Highlights & Insights¶
- Reformulating unlearning as a verifiable RL task is the central innovation — GRPO was originally designed for reasoning, yet "whether a forbidden concept is mentioned" is equally verifiable, and this insight bridges RL with privacy compliance.
- Eliminating the external reward model substantially reduces engineering complexity — intrinsic rule-based rewards are far simpler than training a preference model and support arbitrary granularity in defining unlearning targets.
- Practical value of theoretical guarantees: The geometric decay bound provides a quantitative prediction of unlearning convergence speed, while the KL bound offers an upper-bound control on utility loss.
Limitations & Future Work¶
- The absolute forget efficacy of 11% is relatively low — while utility is well preserved, the unlearning is insufficiently thorough.
- Validation is limited to the single RWKU benchmark — additional unlearning scenarios are needed.
- Synthetic corpus construction relies on GPT-4 for NER, introducing a dependency on an external large model.
- The binary reward may be too coarse-grained — it does not distinguish between partial and complete information leakage.
- Performance on models larger than 7B parameters has not been evaluated.
Related Work & Insights¶
- vs.
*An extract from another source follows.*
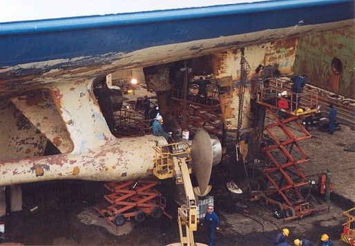 Propeller maintenance in Vuosaari drydock, 2001. Photo: Sami Takala

Gradient Ascent: GA achieves high forget efficacy but carries significant collapse risk; PURGE avoids collapse via GRPO + KL constraints.
- vs. DPO/NPO: Preference optimization requires external reward models; PURGE uses intrinsic verifiable rewards with zero additional overhead.
- vs. Rejection Tuning: RT creates shortcut behaviors and latent traces may resurface; PURGE directly optimizes the probability distribution.
Rating¶
- Novelty: ⭐⭐⭐⭐ Applying GRPO to unlearning is an interesting new direction, though the technical contribution is relatively straightforward.
- Experimental Thoroughness: ⭐⭐⭐ Limited to a single benchmark (RWKU); broader validation is needed.
- Writing Quality: ⭐⭐⭐⭐ Theoretical sections are rigorous and the method is clearly described.
- Value: ⭐⭐⭐⭐ The paradigm of treating unlearning as a verifiable task is inspiring, but the 11% forget efficacy requires improvement.